Safety regulations pose further delays on production schedules; quarantining, personnel limitations, and sanitation efforts all add more time to the hiatus. While a backlog of entertainment content has trickled out steadily over the past few months, content creators will soon have to figure out how to stay relevant while new series and movies are being filmed.
Exhibitors could once rely on comic conventions and other events as mainstay branding opportunities. Staples like San Diego and New York Comic Con draw millions of dollars of revenue annually, but nearly all of them were cancelled this year. The intense media spotlight and subsequent influx of business they provide is another casualty of the coronavirus.

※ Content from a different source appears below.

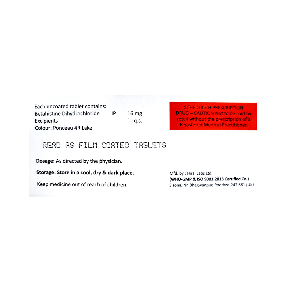 Salt Composition: Betahistine (16mg)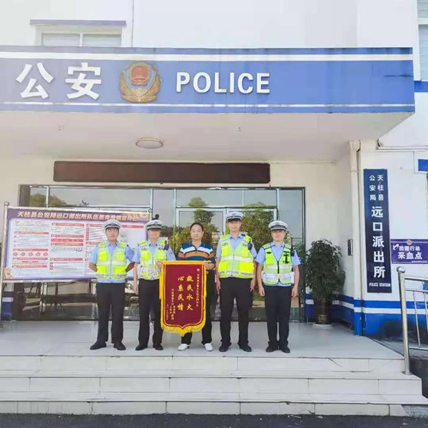 事后,夫妻二人為表示對天柱公安交警四中隊的感謝,在傷勢痊愈后特地送來了一面錦旗。

Now, the responsibility of promoting new entertainment has fallen on the shoulders of publications centered around pop culture. Tracy Gilchrist is the editor-in-chief at the Advocate, an LGBTQ-interest magazine that covers topics in news, politics, opinion, arts, and entertainment.
“I’ve had more shows [and] networks reach out to me for coverage. And I think it’s because they want to leverage what they do have. They’re really trying to get everything written about,” says Gilchrist. She acknowledges the rush of new materials will inevitably slow as companies use up the last of their available promotions. “There’s going to be a lull at some point, when we’re in that moment where people are going back to create new content.”
The national shutdown also canceled the GLAAD Media Awards and the Human Rights Campaign gala, two events that the magazine was invited to attend. “I don’t get to reap the benefits of being out in the community and interacting with the people who read our magazine. And that’s been hard for me.”
“… The film and entertainment industry succumbed to an invisible foe.
Gilchrist took over as editor-in-chief just before the start of the pandemic. She confesses she struggled at the beginning of quarantine, as she juggled the pressures of her new role and finding the creativity necessary to cover the influx of new material. Despite the challenges, both Bartholet and Gilchrist are still grateful to be working in the entertainment industry.
“I love to write and interview people,” says Gilchrist. Some of her favorite projects over quarantine include the site’s Inside the Advocate talk series, and pieces on Ratched and Wynonna Earp. “It’s what I love to do.”
Bartholet’s position as a second assistant director is significantly more challenging with productions tentatively resuming. As the person responsible for planning the logistics of each day of filming, the coronavirus demands more prescience than ever. He admits production companies will adapt to new restrictions to make the process as expedient as possible, believing “the film industry is all about efficiency. If they can somehow get away with being just as safe and more efficient, they will absolutely do that. All of us are really happy to get off the couch and start making money—but not just that. [Doing] what we love, you know?”